WORK REQUEST: In the entries that follow, locate the line with "- Una vez la", then restate that line and all later lines exactly as they appear, leaving pictures out.

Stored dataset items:
■ ■ ■

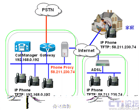 PCS的PhoneProxy是一套軟件,只要在中心CallManager站點安裝一套PhoneProxy,就能實現(xiàn)任何能上網(wǎng)的地方,IP電話都能通過廣域網(wǎng)注冊,不需要任何VPN設(shè)備。
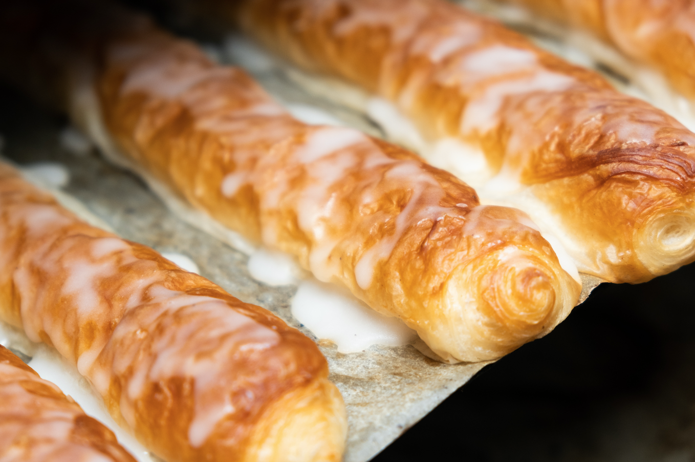 - Una vez la masa ha doblado el volumen, cogemos pequeñas porciones de unos 25 g y con un rodillo estiramos la masa en forma de rectángulo que enrollamos sobre sí mismo.
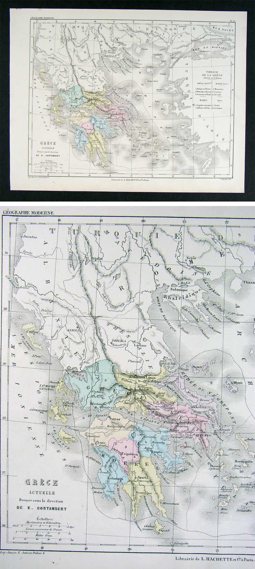 Description: It is an authentic Antique map approximately 145 years old with original handcoloring as issued. It is from Cortambert's Nouvel Atlas de Geographie Moderne (Paris: Hachette), c. 1865. The map is not mounted nor matted, being sold as a single sheet as seen in the pics.
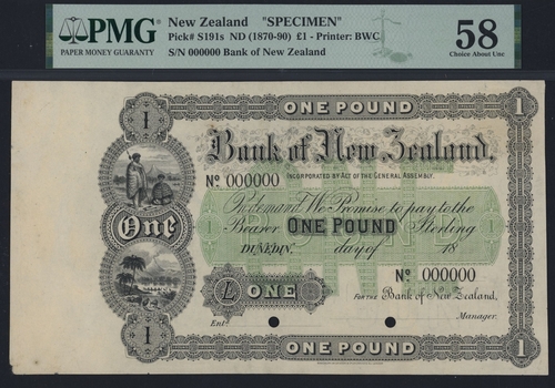 (x) Bank of New Zealand, specimen £1, Dunedin, dated 18--, serial number 000000, hole punched,
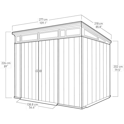 Marca Keter Color Gris Material Duotech Dimensiones del producto: largo x ancho x alto 2.78 x 2.18 x 2.26 metros Peso del producto 191.5 Kilogramos Material de la base Madera Requiere montaje Sí
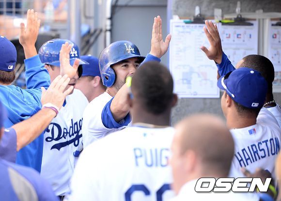 12일(이하 한국시간) 미국 캘리포니아주 로스앤젤레스 다저스타디움에서 열린 2013 메이저리그 LA 다저스와 탬파베이 레이스의 경기, 1회말 1사 2,3루에서 다저스 커쇼의 우전 2타점 적시타 때 홈을 밟은 2루주자 이디어와 3루주자 엘리스가 덕아웃에서 동료들과 환호하고 있다.

■ ■ ■

SOLUTION TO THIS PROBLEM:
 - Una vez la masa ha doblado el volumen, cogemos pequeñas porciones de unos 25 g y con un rodillo estiramos la masa en forma de rectángulo que enrollamos sobre sí mismo.
 Description: It is an authentic Antique map approximately 145 years old with original handcoloring as issued. It is from Cortambert's Nouvel Atlas de Geographie Moderne (Paris: Hachette), c. 1865. The map is not mounted nor matted, being sold as a single sheet as seen in the pics.
 (x) Bank of New Zealand, specimen £1, Dunedin, dated 18--, serial number 000000, hole punched,
 Marca Keter Color Gris Material Duotech Dimensiones del producto: largo x ancho x alto 2.78 x 2.18 x 2.26 metros Peso del producto 191.5 Kilogramos Material de la base Madera Requiere montaje Sí
 12일(이하 한국시간) 미국 캘리포니아주 로스앤젤레스 다저스타디움에서 열린 2013 메이저리그 LA 다저스와 탬파베이 레이스의 경기, 1회말 1사 2,3루에서 다저스 커쇼의 우전 2타점 적시타 때 홈을 밟은 2루주자 이디어와 3루주자 엘리스가 덕아웃에서 동료들과 환호하고 있다.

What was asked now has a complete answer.